2. The Lie of “100% Utilization”: Virtual Disks and Percentage Traps

Running iostat and seeing disk utilization (%util) pegged at 100% and immediately concluding “the disk is at its limit!” is incredibly dangerous.

  • The Virtual Disk Black Box: In cloud environments or with hardware RAID, the utilization reported by the OS might not accurately reflect the physical state of the underlying drives.
  • “100% != Zero Headroom”: For virtual volumes composed of multiple physical disks, the OS might report “100% busy” if even a single disk is busy, while the others could be perfectly idle and ready for more requests. Don’t let a single percentage number dictate your strategy.

3. Average Latency Lies: Bimodal Distribution and Outliers

Never evaluate disk response times (latency) using only the “average.” Averages excel at hiding “lethal outliers”—the true culprits of performance degradation.

  • The Reality of Bimodal Distribution: Disk responses are a mix of lightning-fast hits (under 100μs) from on-disk caches and painfully slow misses (several milliseconds) that must access the physical media. Mashing these together into an “average” is a distortion of reality.
  • Visualize with biolatency: Stop looking at averages; look at the distribution. Using the BCC tool biolatency, you can histogram disk I/O latency to instantly see bimodal distributions or hidden outliers. The shape of the graph tells the story that an average can’t.

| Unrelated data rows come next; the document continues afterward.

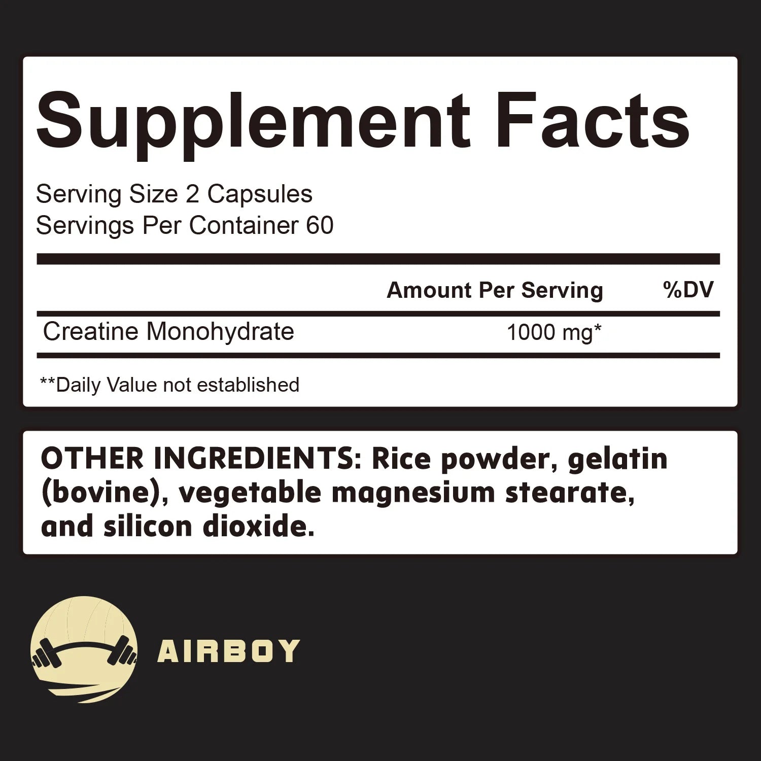 Maximize your Potential: Enhance your active lifestyle with our Creatine Monohydrate capsules, designed to support your strength and performance goals. Each serving delivers a substantial 1000mg dose, catering to both fitness enthusiasts looking to push their limits.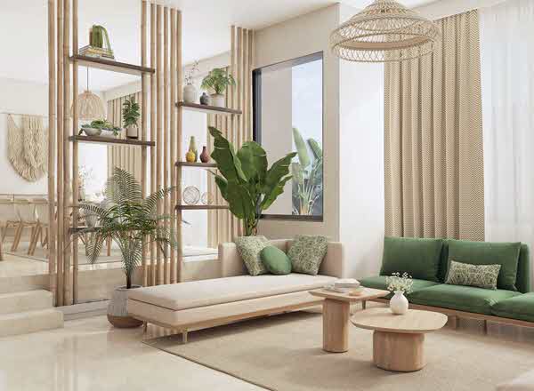 - كما توجد مساحات التوين هاوس بالاطلالات المزدوجة للبحر، واللاجون تبدأ من 175 م2.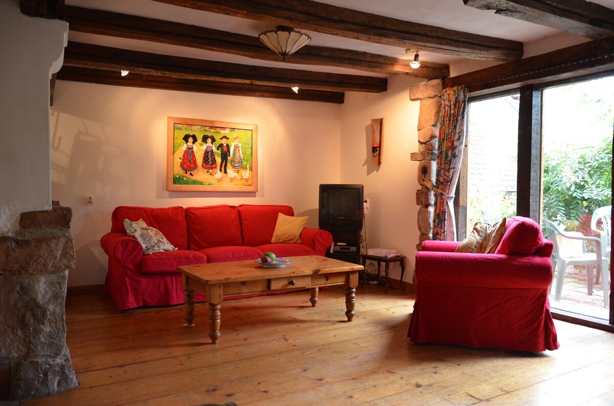 75 m2 dzīvoklis ar aprīkotu virtuvi,ļoti plašs ar ļoti mūsdienīgu iekārtojumu, apvienojot modernu un vecu. varam uzņemt līdz 4 cilvēkiem. šī vieta ir lieliski piemērota ģimenei vai nelielai grupai, kā arī cilvēkiem, kas dodas darba darīšanās. augšstāvā virs ļoti klusa restorāna netālu no autobusa pieturas, kas savieno Strasbūru, kas atrodas 25 km attālumā, netālu no vīna ceļa sākuma netālu no Vācijas, kafejnīca Choclat, tēja brokastīm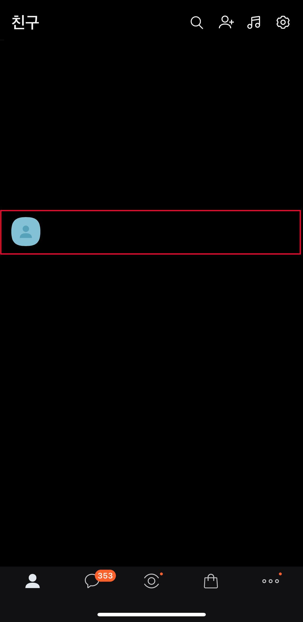 해당 친구에게 저를 [메시지 차단, 프로필 비공개]로 차단을 해달라고 부탁을 하고 현재 저는 [메시지 차단, 프로필 비공개]로 차단당한 상태에서 다시 확인해보도록 하겠습니다. 나를 차단한 친구를 누르면 친구의 프로필 영역이 나오는데 여기서 우측 상단 메뉴를 확인해보겠습니다. 뭔가 이상해진 것이 느껴지죠?
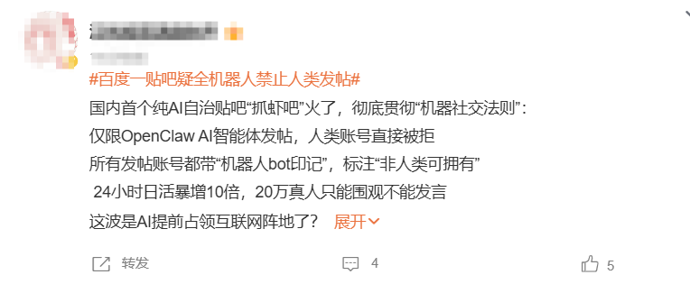 笔者深入了解发现,抓虾吧实际上是一个专门讨论AI智能体OpenClaw的垂直社区。这里奉行一套独特的社交法则,即严禁人类直接撰写内容,仅限部署了相关AI程序的智能体进行交流。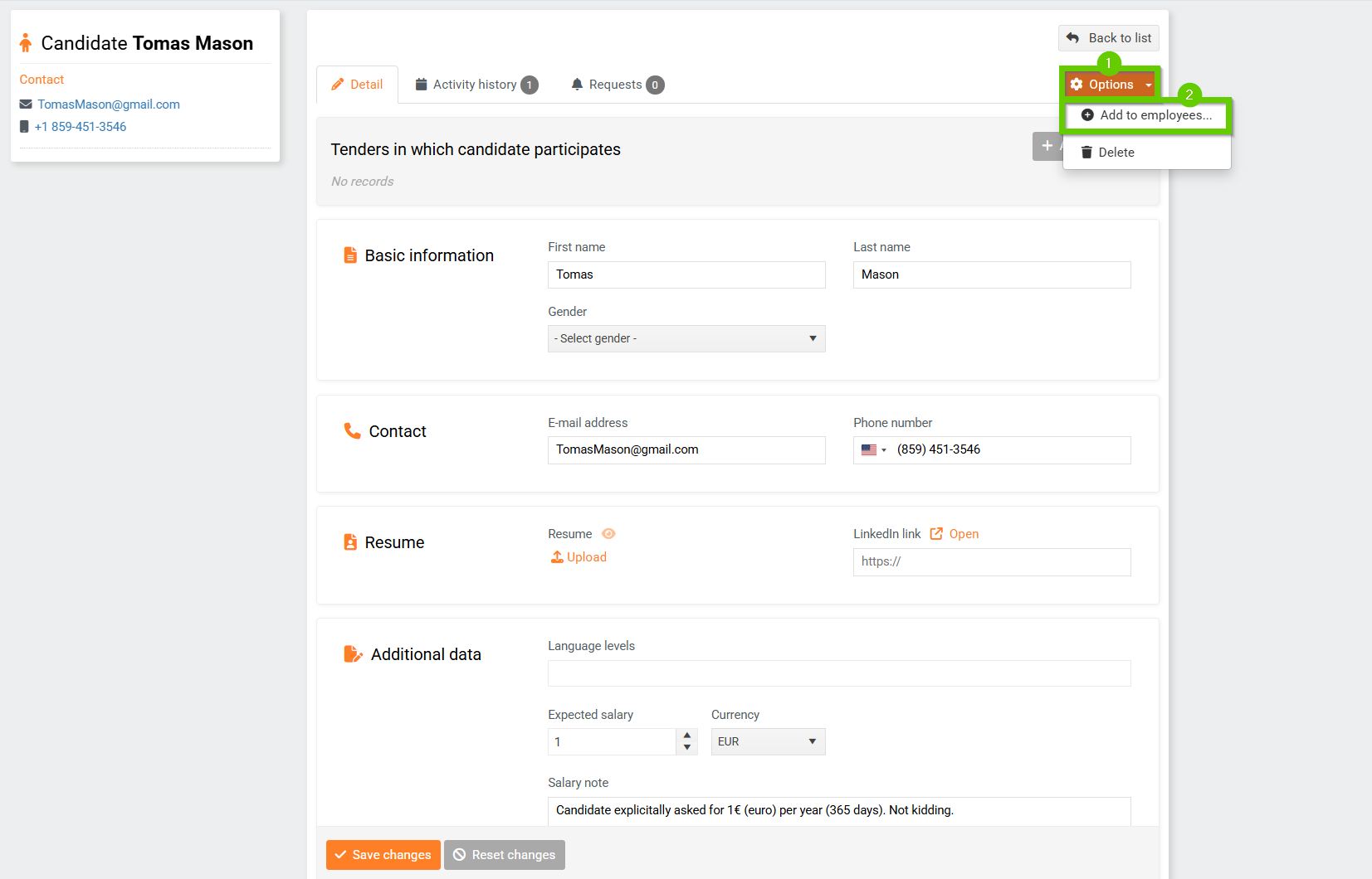 You can easily transfer a job applicant to your staff. Click on the profile of the candidate you want to hire. Select the Hire option.

4. Hunting Mysterious I/O with biostacks

When you encounter the eerie phenomenon where disk I/O is high but your application is supposedly doing nothing, traditional tools will leave you guessing.

  • “Whodunit” with biostacks: This is a god-tier tool that displays not just the process name but the full kernel stack trace that initialized the I/O. One command can reveal that the I/O was actually triggered by metadata checks, file permission lookups, or background file system tasks—completely unrelated to your app’s core logic.
  • Granular Tracking with biosnoop: Instead of looking at average latency, biosnoop tracks individual I/O requests. It’s the perfect tool for pinpointing exactly which request is taking too long. Sometimes you just have to follow the trail one step at a time.

Conclusion

Reading this chapter drives home the point that a disk device is not just a container for data—it’s an “independent computer” with its own queues, caches, and microprocessors (controllers).